Шрифт:
Интервал:
Закладка:
— Хай! — Моргулис вошел по-хозяйски, с обычным своим самоуверенным видом. Он поставил сумки: — Ну, чего застыл? Принимай жену.
Наташа действительно показалась в дверях.
Однако немая сцена оказалась скомкана: на кухне загремели стулья и вышли оба сергеевских собутыльника. Безукладов попытался оценить ситуацию, но Бок, неожиданно для всех, молча и яростно набросился на Моргулиса.
— Чего?!. Чего?! — завизжал Гарик тонким голосом, увертываясь от пьяных кулаков.
Генку схватили за руки.
Моргулис истерически вопил:
— Сволочи, чего я вам сделал?!. Трое на одного… Наташка, уйми их!
— Будешь, гад, знать, как наших баб уводить, — мрачно пригрозил Безукладов. — Погоди, еще я до тебя доберусь…
— Каких баб? — вытаращился Гарик. — Кого я уводил?
— А с кем она была? — Сергеев кивнул на жену.
— Ты что — идиот? — Наташа выступила из-за Гариковой спины. — Ты что, не знаешь, с кем я была? Я тебе звонила каждый вечер… А где ты был, я не знаю. Из-за тебя, между прочим, Гарика сорвала.
— А ответчик?.. — недоверчиво возразил Сергеев.
— Ты посмотри, может, у тебя телефон не работает, — посоветовал Моргулис, приходя в себя.
Сергеев поднял трубку. Телефон молчал…
— Ну?
— Тьфу ты, черт!.. — вырвалось у него.
Похоже было, что недоразумение разъяснилось. Жена пошла переодеваться с дороги. Моргулис потребовал водки.
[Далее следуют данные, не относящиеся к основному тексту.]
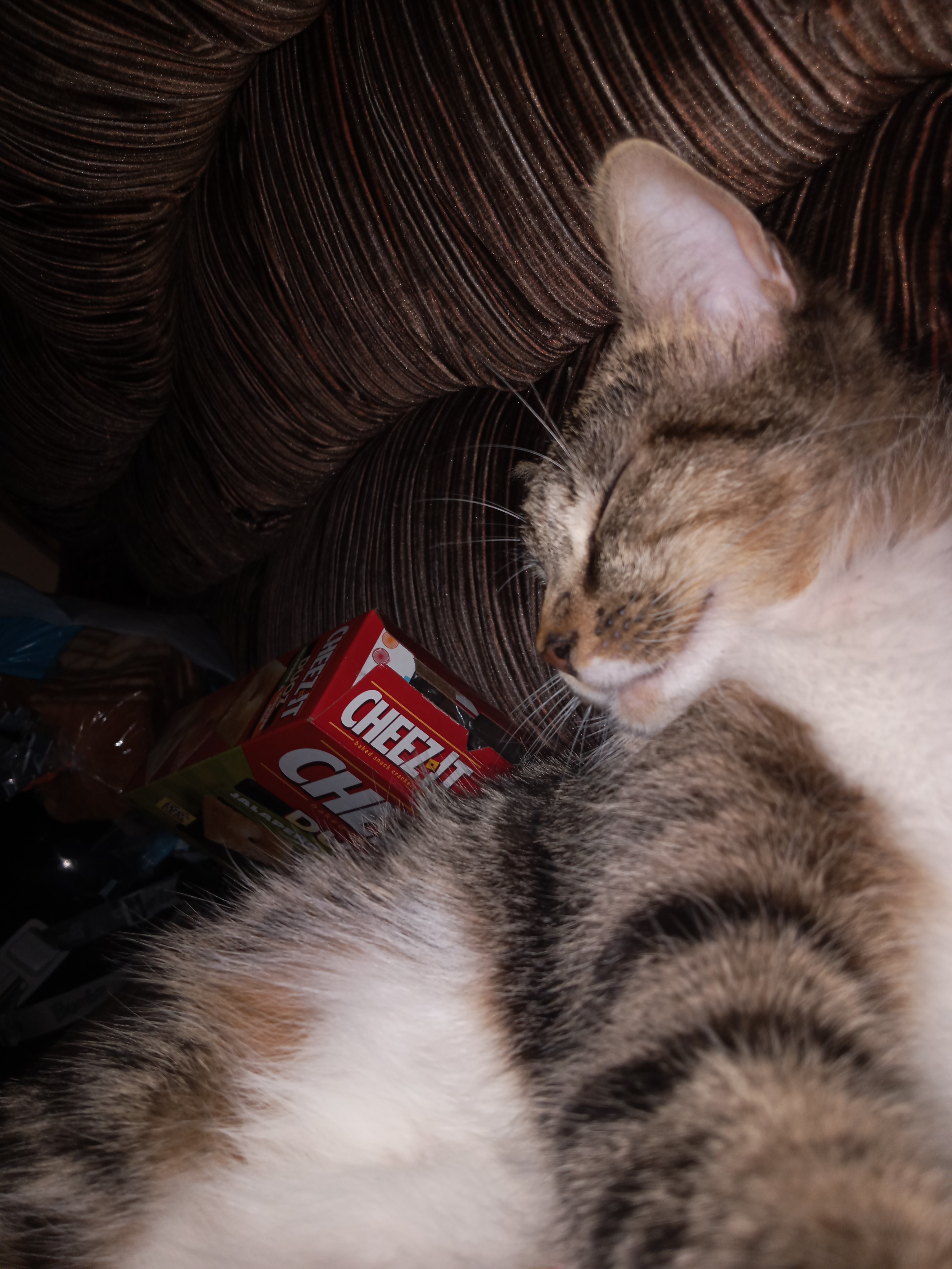 This is definitely another Angel treat! I was so disappointed when I was told my human kitten couldn’t tolerate cow’s milk, so we had to start buying oat milk. We buy the vanilla flavored milk, so I guess Angel finds it tolerable. Like dairy based milk, you don’t want to gouge yourself on this, as there are proteins in there that cats have a hard time with, and a lot of calcium. However, if you do find yourself lapping up a little oat milk, know you’re getting vitamins A, K, and D, as well as iron, fiber and riboflavin. Again, be warned of the calcium content in this drink, and enjoy sparingly.

— А не боишься — за рулем-то?
— Плевать…
— Молодец, — похвалил Колька, — это по-нашему… Ты того… на Генку не обижайся — он сегодня Карла похоронил.
— Карла?.. А что за Карл — тоже немец?
— Молчи, дурак…
Чувствуя, что Наташе их попойка не в радость, сергеевские приятели довольно скоро засобирались. Моргулис объявил, что в Москву сегодня не вернется, и они решили продолжить у Безукладова.
Сергеев провожал их до двери:
— Вы уж извините, мужики, я дальше — пас…
— Понятно, понятно…
— Гарик, ты меня прости… И спасибо тебе за помощь.
— Если что — обращайтесь, — небрежно ответил Моргулис.
После их ухода жена разбирала сумки. Она была не в духе и потому без почтения хлопнула на стол стопку пластинок.
— Вот. Это тебе Гарик прислал.
— Спасибо.
— Спасибо… А ты что здесь устроил? Не просыхал все время, грязищу развел… Мусор-то хоть раз вынес?
— Нет…
— Вот иди и вынеси.
И Сергеев пошел выбрасывать мусор. Еще спускаясь по лестнице, он услышал крики и шум сражения; они доносились из квартиры Васьки Матюшина. Когда он возвращался с пустым ведром, Васькина дверь была уже нараспашку, а побоище, похоже, достигло кульминации. Безотчетно Сергеев шагнул в открытую дверь. Васька кидал в жену чашками, но попадал все время в стену, и это приводило его во все большее бешенство.
— Эй, артиллерист, — сказал Сергеев, — ты так всю посуду переколотишь!
Васька обернулся и выкатил на него красные глаза:
— А тебе чего надо?! Канай отсюда!
— Ты это… зачем женщину обижаешь?
— Твое какое дело? Учу, чтобы не блядовала… Может, ты тоже ее трахал? Так я тебе щас..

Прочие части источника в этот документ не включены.